我正在使用带有cassandra的spark,而且我有JavaRDD<String>
个客户。对于每个客户,我想从cassandra中选择这样的交互:
avaPairRDD<String, List<InteractionByMonthAndCustomer>> a = client.mapToPair(new PairFunction<String, String, List<InteractionByMonthAndCustomer>>() {
@Override
public Tuple2<String, List<InteractionByMonthAndCustomer>> call(String s) throws Exception {
List<InteractionByMonthAndCustomer> b = javaFunctions(sc)
.cassandraTable(CASSANDRA_SCHEMA, "interaction_by_month_customer")
.where("ctid =?", s)
.map(new Function<CassandraRow, InteractionByMonthAndCustomer>() {
@Override
public InteractionByMonthAndCustomer call(CassandraRow cassandraRow) throws Exception {
return new InteractionByMonthAndCustomer(cassandraRow.getString("channel"),
cassandraRow.getString("motif"),
cassandraRow.getDate("start"),
cassandraRow.getDate("end"),
cassandraRow.getString("ctid"),
cassandraRow.getString("month")
);
}
}).collect();
return new Tuple2<String, List<InteractionByMonthAndCustomer>>(s, b);
}
});
为此,我使用了一个JavaSparkContext sc
。
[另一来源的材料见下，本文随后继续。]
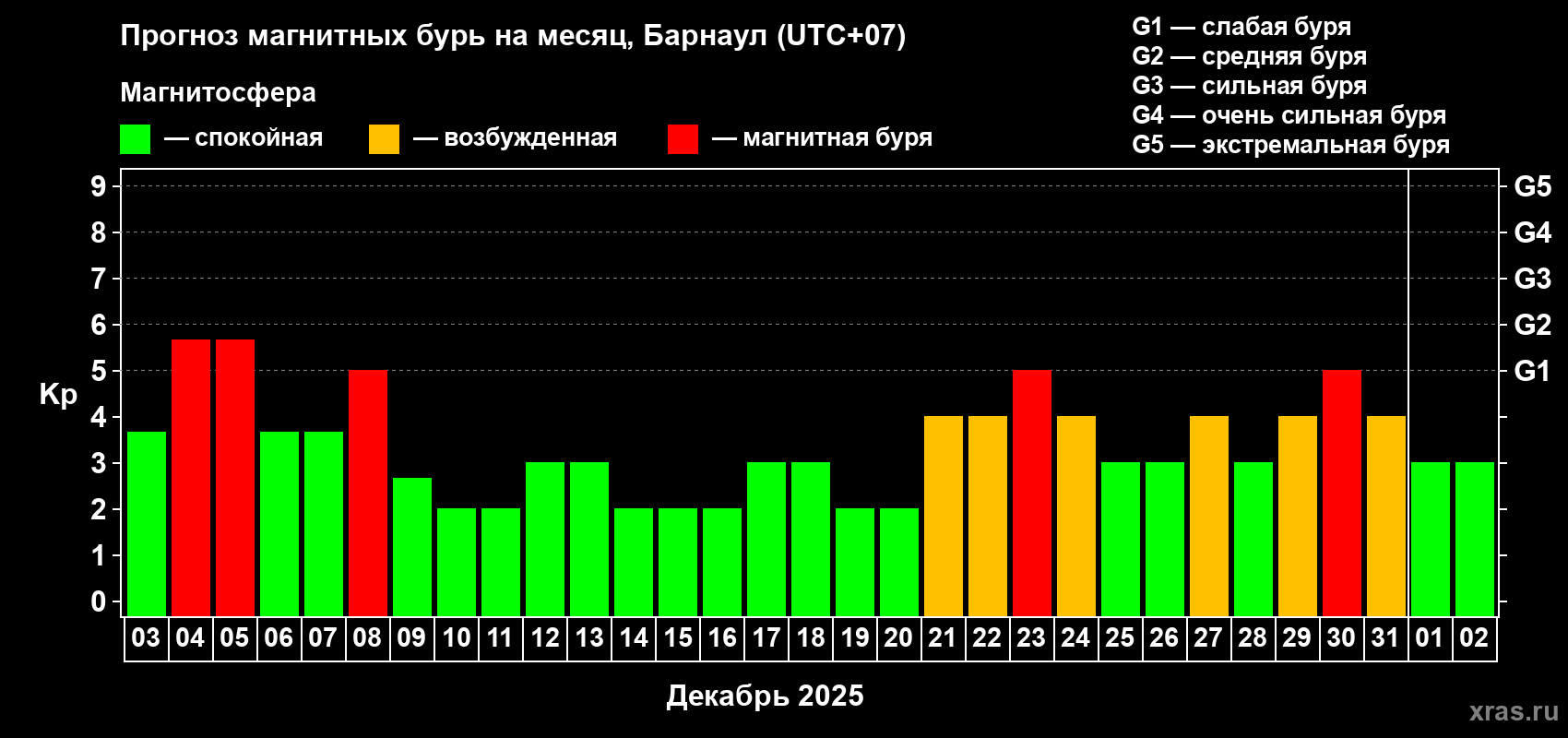 Прогноз магнитных бурь в Барнауле — 3 декабря 2025 года

但我得到了这个错误:
Exception in thread "main" org.apache.spark.SparkException: Task not serializable
at org.apache.spark.util.ClosureCleaner$.ensureSerializable(ClosureCleaner.scala:166)
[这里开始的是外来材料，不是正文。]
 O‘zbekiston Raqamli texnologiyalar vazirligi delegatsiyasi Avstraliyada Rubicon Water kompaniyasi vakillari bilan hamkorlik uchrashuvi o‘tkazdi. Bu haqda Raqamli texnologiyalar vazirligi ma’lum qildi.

at org.apache.spark.util.ClosureCleaner$.clean(ClosureCleaner.scala:158)
at org.apache.spark.SparkContext.clean(SparkContext.scala:1242)
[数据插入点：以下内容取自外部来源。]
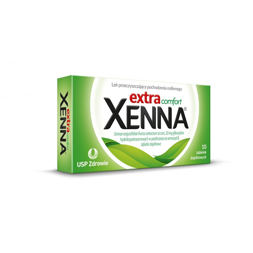 Xenna extra confort es un medicamento a base de hierbas para el tratamiento inmediato del estreñimiento. Se produce en forma de comprimidos entéricos que contienen un ingrediente laxante a base de hierbas, es decir, extracto seco del fruto del sen. Contiene glucósidos de hidroxiantraceno (senósidos), que estimulan la actividad del intestino grueso, lo que facilita el movimiento de las masas fecales. Además, Xenna extra confort suaviza las heces aumentando la secreción de moco al tiempo que inhibe la reabsorción de agua de la luz intestinal.
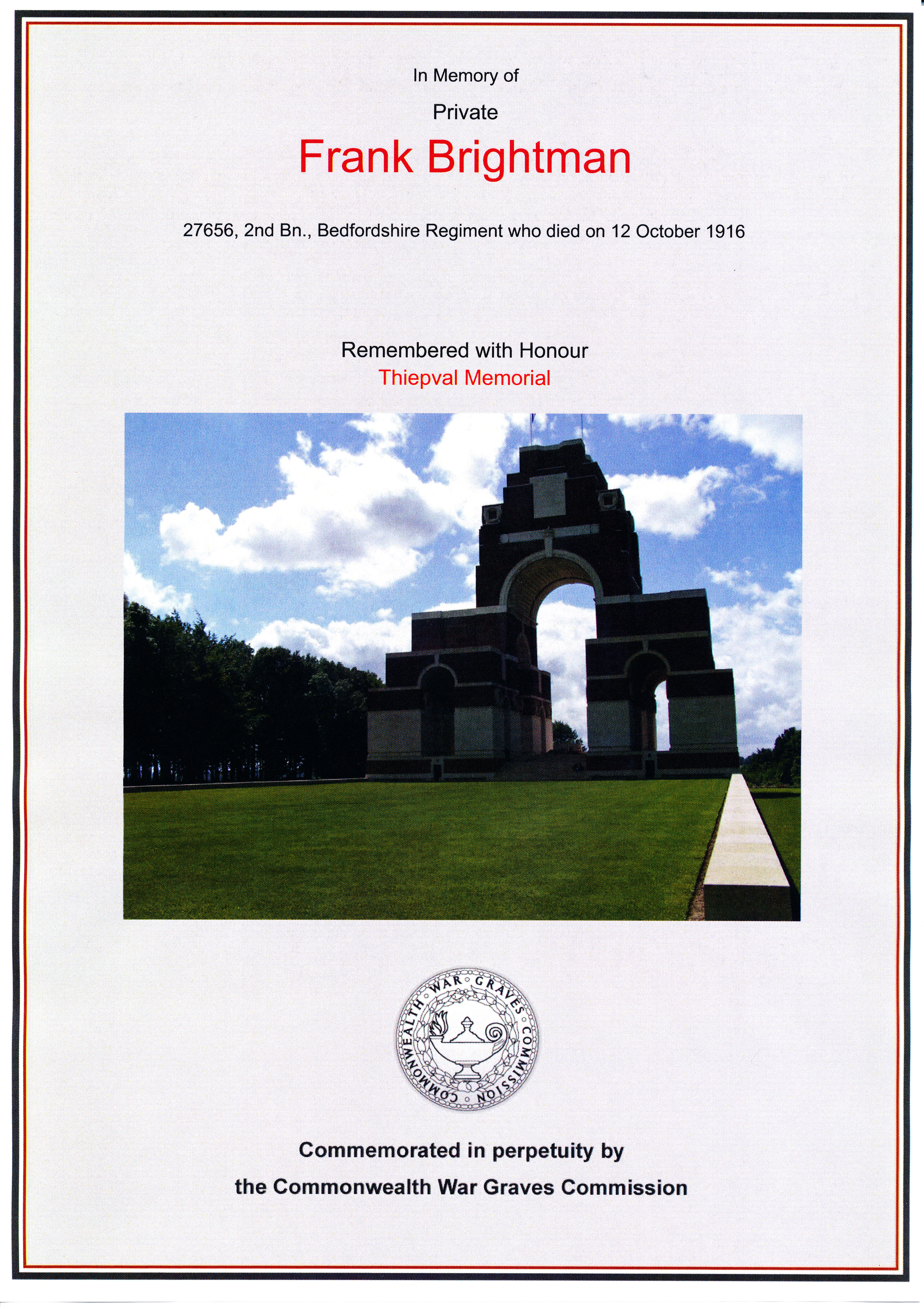 Frank Brightman was one of five sons of Samuel and Sarah Brightman of Great Bramingham who served on the Western Front. Tragically four of the five brothers were killed. Frank was reported Missing Presumed Killed in France on 12th Oct 1916, aged 32. He was the second son to be lost.

at org.apache.spark.rdd.RDD.map(RDD.scala:270)
at org.apache.spark.api.java.JavaRDDLike$class.mapToPair(JavaRDDLike.scala:99)
at org.apache.spark.api.java.JavaRDD.mapToPair(JavaRDD.scala:32)
at fr.aid.cim.spark.dao.GenrateCustumorJourney.AllCleintInteractions(GenrateCustumorJourney.java:91)
at fr.aid.cim.spark.dao.GenrateCustumorJourney.main(GenrateCustumorJourney.java:75)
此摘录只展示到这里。